From The Connecticut River Valley in Southern Vermont and New Hampshire:  Historical Sketches by Lyman S. Hayes, Tuttle Co., Marble City Press, Rutland, VT., 1929, page 340:

PHINEAS GAGE LIVED NINETEEN YEARS AFTER A TAMPING BAR WAS BLOWN THROUGH HIS BRAIN

During the building of the Rutland road, September 15, 1847, a peculiar accident occurred which in all the intervening years has been considered the most remarkable in its results of any recorded in the medical world. A workman named Phineas Gage had a long iron bar blown entirely through his head and brain, by a premature discharge of a blast while making the rock cut a mile east of Cavendish station. The strange thing was that the man recovered and was able to work about 19 years thereafter. It was such a marvelous thing to relate that it was doubted by physicians everyywhere and close investigation was made by surgeons from other states. The "tamping bar" was three feet and a half long and tapered at the upper end a distance of eight inches to half an inch in diameter at the lower end.

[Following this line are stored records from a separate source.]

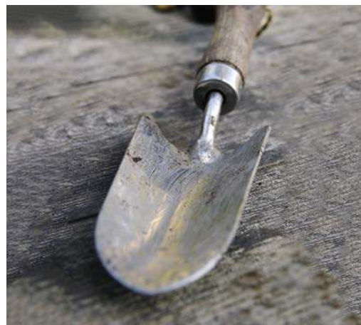
AUCH FÜR PFLANZSCHAUFELN GILT: HOCHWERTIGE MODELLE SIND IHREN PREIS WERT.

Diese ausgesprochen handliche kleine Version des Spatens ist ungemein vielseitig und praktisch. Außerdem lässt sich mit ihr sehr präzise arbeiten. Mit der Pflanzschaufel – auch Handschaufel genannt – graben Sie Pflanzlöcher, schichten Substrat um, jäten auch tief wurzelnde Unkräuter, lockern ruckzuck die Erdoberfläche auf, »öffnen« Wurzelballen und vieles mehr. Sie ist das unersetzliche Standardtool für alles, was mit dem Pflanzen, mit Erde und Substrat im Beet zu tun hat. Die Edelstahlvariante mit ebenso edlem Holzgriff ist hier die beste Entscheidung: Sie sieht gut aus und ist langlebig.
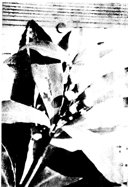
25. ナガミノツルシキミ Skimmia japonica THUNB. var. obovoidea HAYASHI
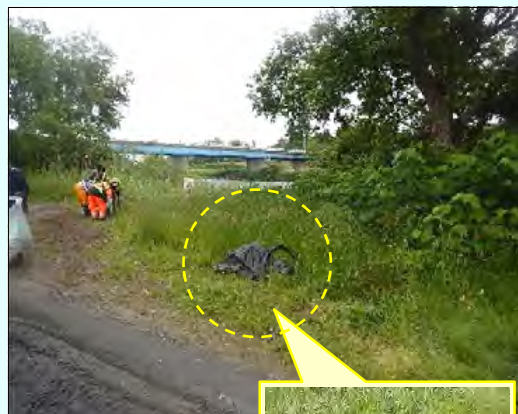
この他にも粗大ゴミ等の不法投棄が見られました。
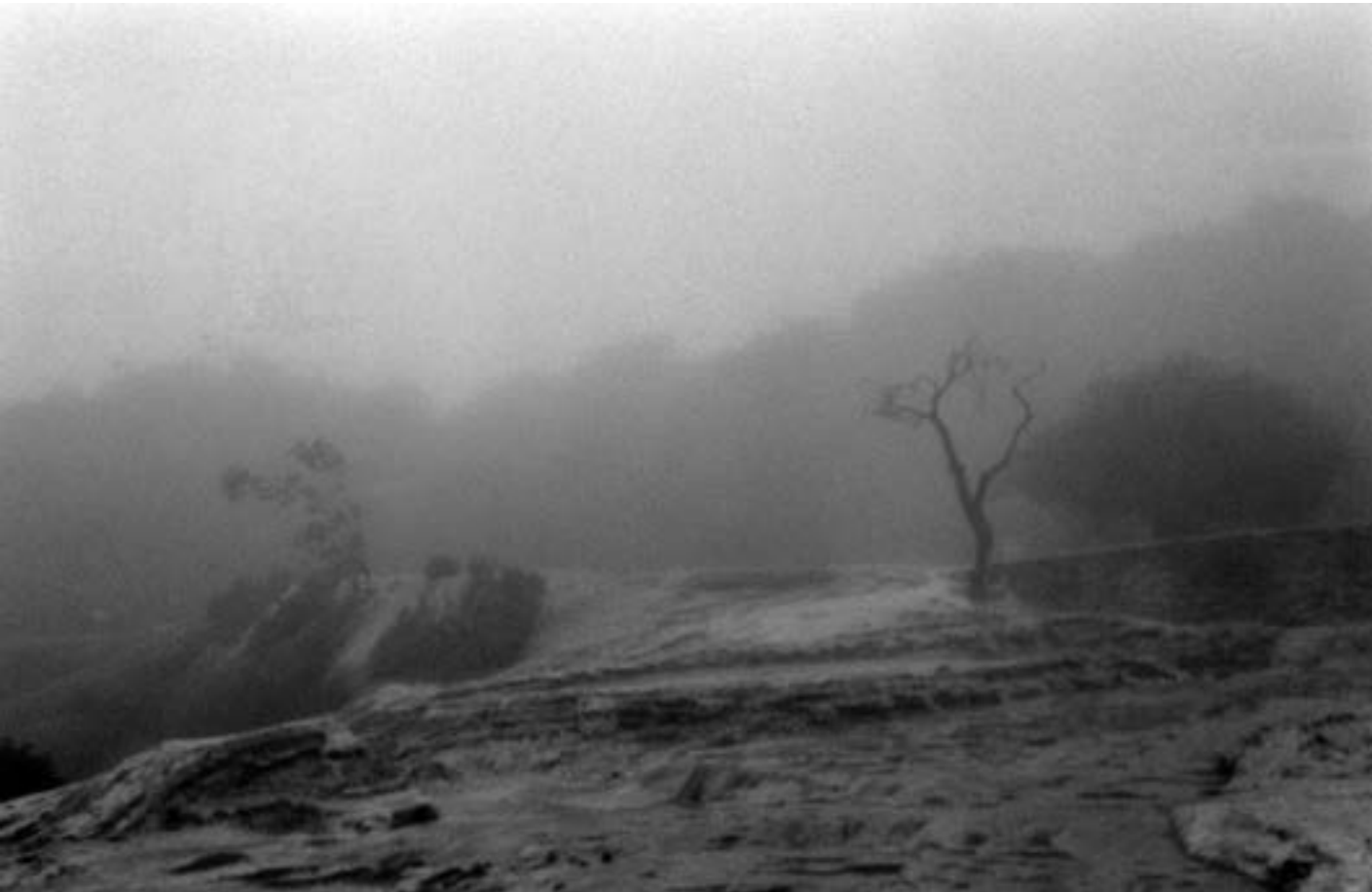
De la serie "Hierve el agua" Oaxaca Año 2010 Fotografía Gelatina de plata sobre papel baritado 24 x 37,5 cm Edición 15 + A/P

It was very smooth like a spindle and passed through the left cheek. The bar entered the head on the lower part of brain and through the skull at the top of the head. In later years, the man expressed a desire that after his death his skull, as well as the bar that passed through it, should be preserved, and the two are now in the museum of the Massachusetts Medical College at Boston.